Earlier, the country s women s minister called for the death penalty for child rapists in a video message posted online.
"I have been deeply, deeply disturbed by the rape case in Kathua and all the recent rape cases that have happened on children," Maneka Gandhi, the women and children s minister, said on Twitter.
Gandhi said her ministry would seek an amendment to India s Protection of Children from Sexual Offences Act, "asking for the death penalty for rape on children below 12 years".
The Kathua killing has shaken India in a way reminiscent of the fatal gang rape of a Delhi student on a bus in 2012 that made headlines around the world.
Rahul Gandhi, leader of the opposition Congress party, led a candlelight march late Thursday to the India Gate monument in Delhi -- the site of mass protests after the 2012 attack -- to highlight the "unimaginable brutality" of the latest killing.
"Like millions of Indians my heart hurts," Gandhi said at the midnight rally. "India simply cannot continue to treat its women the way it does."
Vikramaditya Singh, who joined protestors at India Gate later Friday, said deep reforms were needed to improve women s rights in India.
"The women in this country are the victims of these crimes. Besides taking action in this case, we need to look at the... upbringing and education of men in our society," Singh told AFP.
Eight people have been arrested over the killing, including four police officers and a minor. All are Hindus.
Lost humanity
The victim, whose identity was protected by a court order Friday, was murdered in January in the northern state of Jammu and Kashmir.
According to the charge sheet, she was abducted by the minor and an accomplice.
The girl was forced her to take sedatives and during five days in a shed and then a Hindu temple, she was repeatedly raped by the juvenile and different men, including a police constable.
She was finally strangled and beaten with a stone. According to the charge sheet, one of the attackers raped her just before she died.
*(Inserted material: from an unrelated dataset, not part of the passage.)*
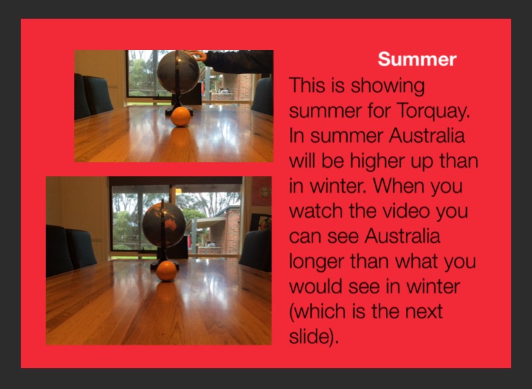 This is showing summer for Torquay. In summer Australia will be higher up than in winter. When you watch the video you can see Australia longer than what you would see in winter (which is the next slide).

Jammu and Kashmir is India s only Muslim-majority state, but the Jammu region in the south, where the rape and murder took place, is Hindu-dominated.
The case has heightened fears of communal tensions in the region. Muslim activists have demanded action against what they see as a crime against their community while some right-wing Hindu groups have argued that the accused were unfairly charged.
This week, a crowd of Hindu lawyers tried to stop police from entering a court to file charges against the accused men.
Separately, a senior lawmaker in Uttar Pradesh state faces arrest over the rape of a 17-year-old woman. The lawmaker is from Prime Minister Modi s Bharatiya Janata Party.
The alleged attack occurred last year but only started making headlines again after the woman tried to set herself on fire outside the Uttar Pradesh chief minister s residence last weekend.
High-profile names from the world of cinema and cricket joined the outrage over the Jammu crime in a country were nearly 40,000 rape cases are reported every year, according to official figures.
"What is happening to the world we live in???" Bollywood star Anushka Sharma, who is married to Indian cricket captain Virat Kohli, wrote on Twitter.
"These people should be given the most severe punishment there is! Where are we heading as humanity? Shaken to my core."
Cricketer Gautam Gambhir blamed India s "stinking systems" for what some have described as a rape epidemic. "Come on Mr System , show us if you have the balls to punish the perpetrators, I challenge you," he tweeted.